November 04, 2021 | 11:00am ET
Quantitation of Subvisible Particles by Class in Cell-Based Medicinal Products (CBMPs)
Cell-based medicinal products (CBMPs) face unique challenges in manufacturing and quality control due to donor variability, limited shelf-life, and inability to sterile-filter samples. Subvisible particles including live cells, dead cells, and intrinsic and extrinsic contaminants are considered important quality attributes for CBMPs. However, robust methods to characterize subvisible particles in CBMPs are still being developed. KBI’s Particle Characterization Core has developed a novel CBMP classification model by combining an imaging flow cytometry- an emerging analytical method- with deep learning using convolutional neural networks. The model was trained to sort particles into live cells, dead cells (via Trypan Blue viability staining), doublets, clusters, protein aggregates, and silicone oil droplets. We will present case studies demonstrating how the classification model can be applied for optimization of CBMP storage, shipment, and administration.

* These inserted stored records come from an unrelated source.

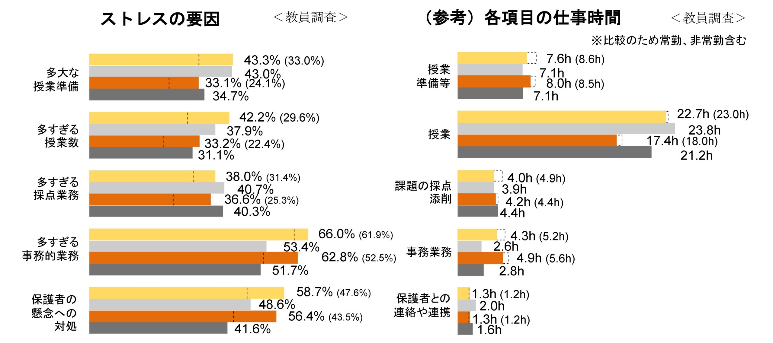 特に事務的業務に対するストレスを感じている教員は小中ともに6割以上であった。なお保護者対応や授業にかける時間は国際平均より短い傾向だ。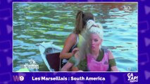 Elle prend un poisson en pleine tête
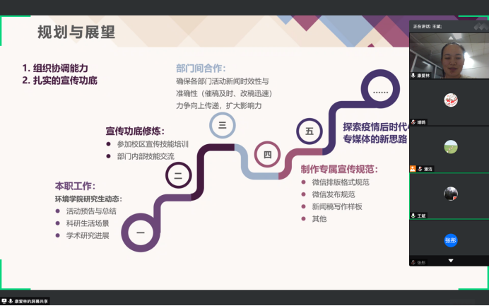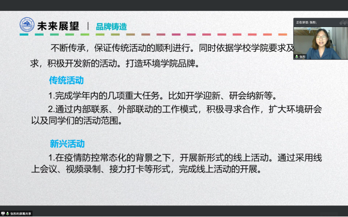 张彤同学从完善制度建设、打造品牌活动、抓住重点节点等几个方面对未来工作提出构想;马雪松同学提出设立“研会信箱”、促进体育活动普及化等工作方式;康爱林同学致力于打造新媒体宣传阵地、完善宣传能力培训的工作思路;张师齐同学提出要从实践活动入手,抓住“世界环境日”等学院特色活动;齐甜雨同学认为要汇集创新创业资源、加强志愿者团队建设。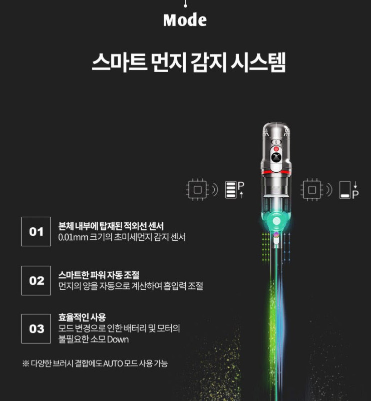 모드는 3가지가 있습니다. 가장 강력한 슈퍼 모드, 먼지의 양을 센서로 감지해서 그것에 맞는 출력이 나오는 자동 모드, 배터리를 가장 오래 사용할 수 있는 에코 모드.
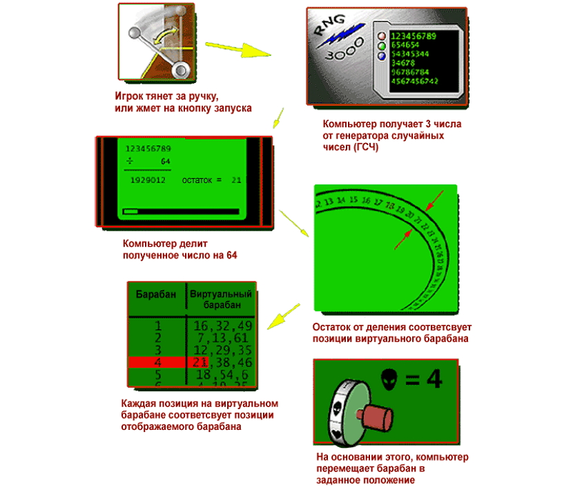 Рассмотрим в качестве примера игру на трехколесном слоте. Игрок нажимает на рычаг. Генератор мгновенно начинает перебирать числа. Три последних числа фиксируются. Их значения определяют положение первого, второго и третьего барабанов соответственно.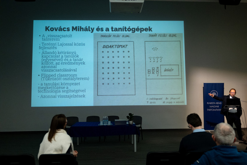 Görbe László SchP előadása Kovács Mihály életútját és pedagógiai-innovációs munkásságát mutatta be, kiemelve úttörő szerepét a kibernetika és az informatikai gondolkodás középiskolai meghonosításában.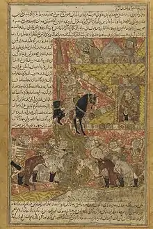 Afshin, upon the camel, parades Babak, upon the elephant, into Samarra. Persian miniature created in 16th-century Safavid Iran, from a copy of Abu Ali Bal'ami's 10th-century Tarikhnama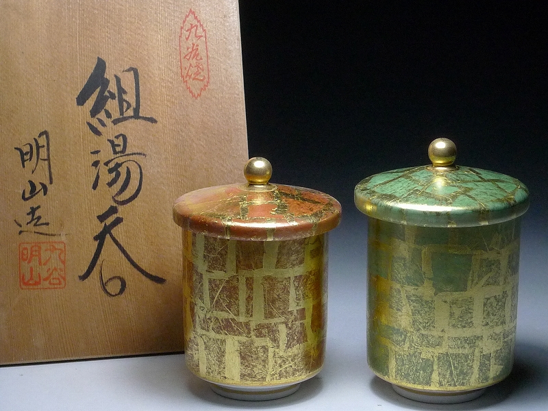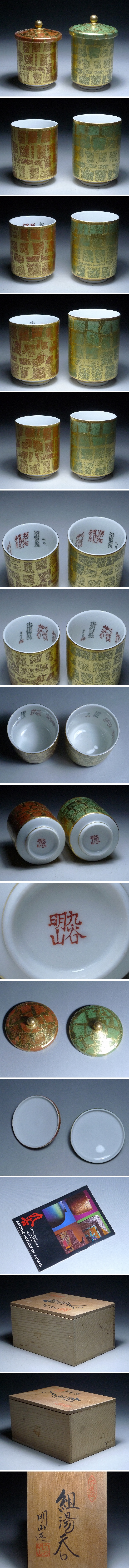 80MK173★九谷焼・明山造・組湯呑・蓋付・共箱 栞付き・夫婦湯呑み・陶器・金彩・和食器 茶器 伝統工芸 古美術 收藏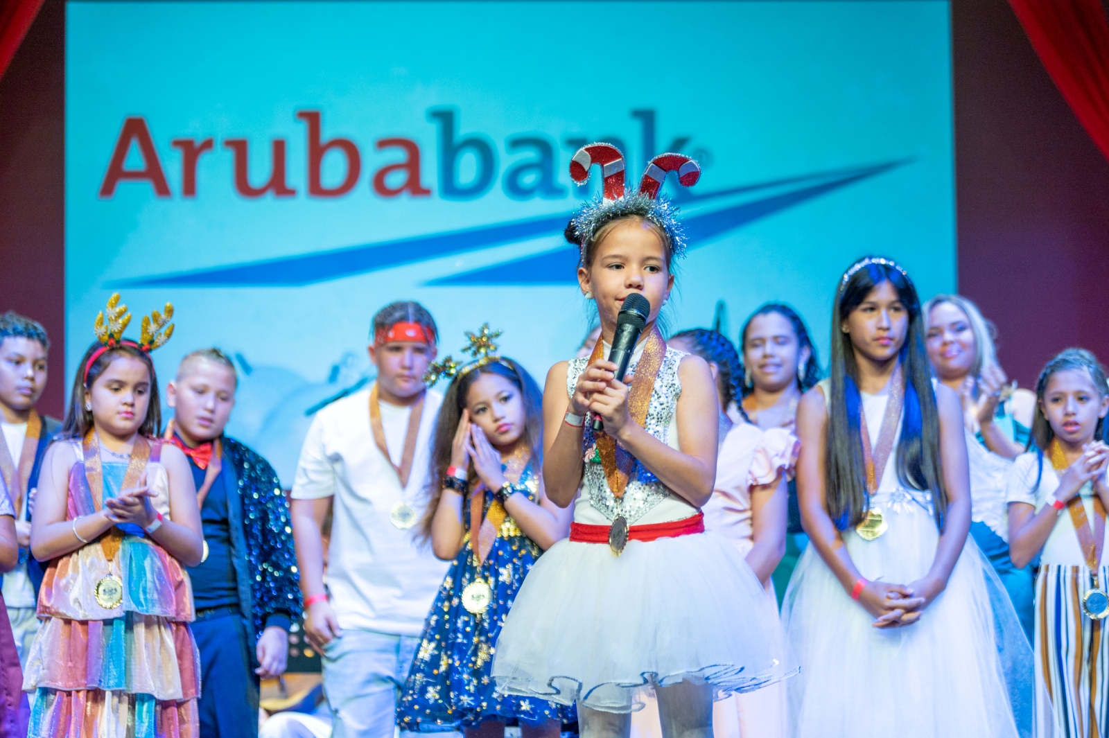 Aruba Bank ta contento di a yuda realisa e di 10 y ultimo edicion di Kids & Teens Christmas Song Festival cu un participacion di 30 mucha. Nos ta orguyoso di por a mira e talentonan di Aruba canta canticanan di Pasco na Papiamento. Pabien na un y tur cu a participa/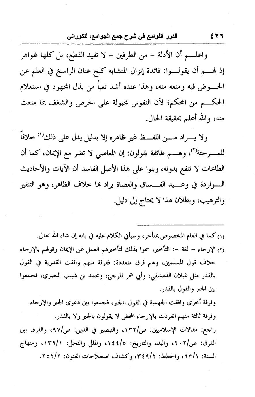 (٢) الإرجاء -لغة-: التأخير، سموا بذلك لتأخيرهم العمل عن الإيمان وقولهم بالإرجاء خلاف قول المسلمين، وهم فرق متعددة: ففرقة منهم وافقت القدرية في القول بالقدر مثل غيلان الدمشقي، وأبي شمر المرجئ، ومحمد بن شبيب البصري، فجمعوا بين الجبر والقول بالقدر.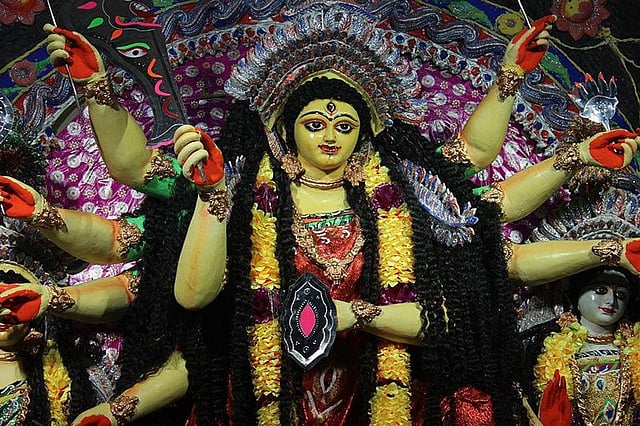 October 27, 2016: The Kanaka Durga temple of Vijayawada witnessed the presence of about 30,000 devotees on Tuesday. The devotees reached in such a large number to get the blessing of the presiding deity who was decorated with a sari with golden border.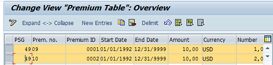 The premiums are configured in table T510P as shown in Figure 34.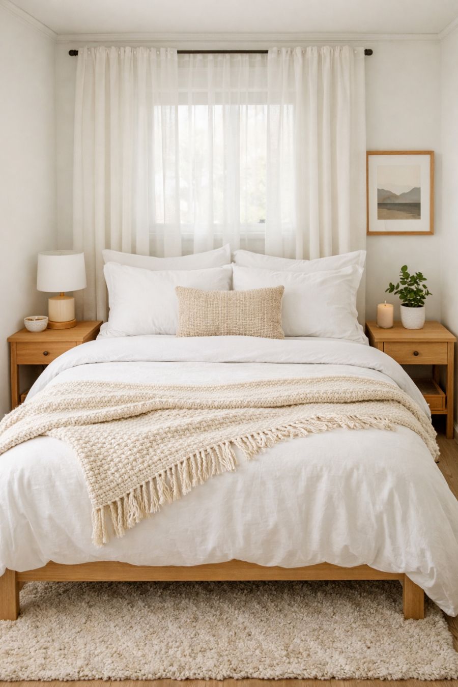 The bedroom is a serene sanctuary, designed to promote rest and relaxation. A comfortable bed with crisp white linens takes center stage, flanked by minimalist nightstands that keep the space uncluttered. Soft textiles, such as a woven throw and plush rug, add layers of texture and warmth. Natural light filters through sheer curtains, creating a gentle, calming atmosphere. Subtle touches of decor, like a small potted plant and a framed print, reflect the home's overall aesthetic of simplicity and elegance.
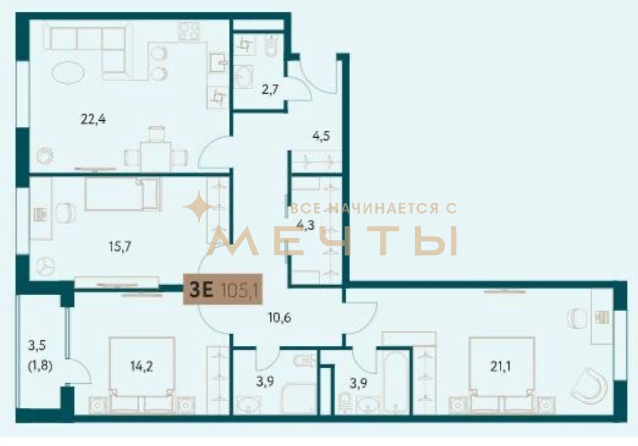 Квартира продается с разработанным дизайн-проектом и ремонтом. В стоимость входит все, что есть на визуализациях: качественный ремонт, мебель, техника, аксессуары и текстиль. Возможно внесение изменений по вашим пожеланиям.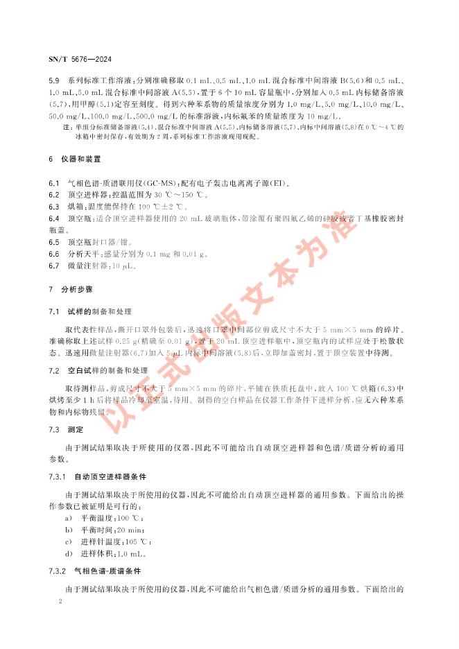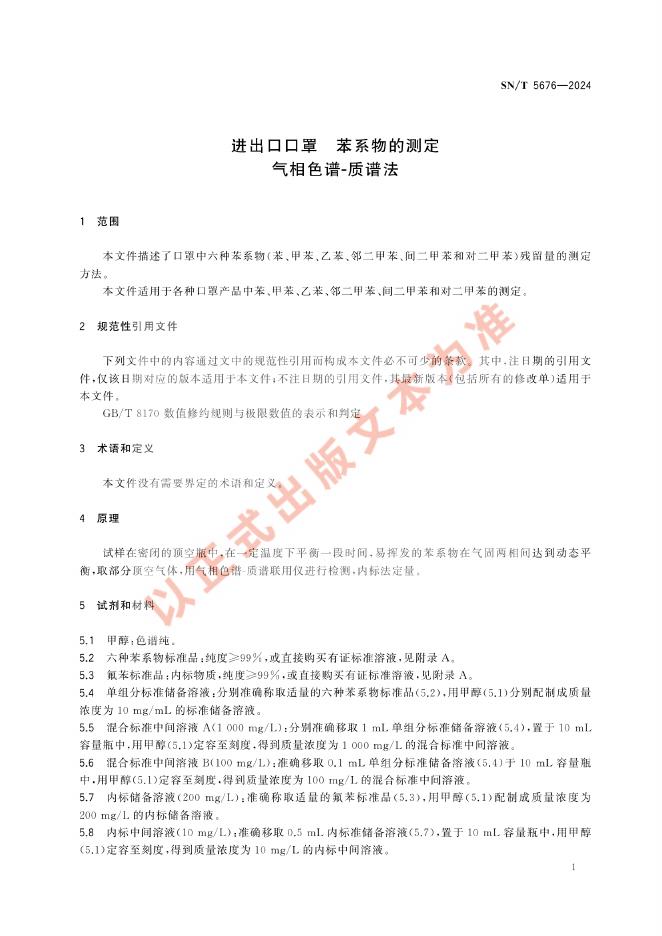 SN/T 5676-2024 进出口口罩 苯系物的测定 气相色谱-质谱法

During this webinar participants will learn:
- Learn how imaging flow cytometry and convolutional neural networks can be combined to characterize CBMP particle profiles
- Review case studies optimizing cell storage, shipment, and administration though analysis of CBMP particle profiles
About the Presenter
Christine Probst works as a Senior Scientist within the Particle Characterization Core at KBI Biopharma in Boulder, Colorado. She holds a Master’s degree in Bioengineering from University of Washington and a Bachelor’s degree in Bioengineering from the University of California Los Angeles. She has contributed numerous papers and presentations to characterization of subvisible particles in protein biologics. Her current work focuses on characterization of particulate matter within next generation therapeutics and devices such as cell-based or vaccine therapeutics.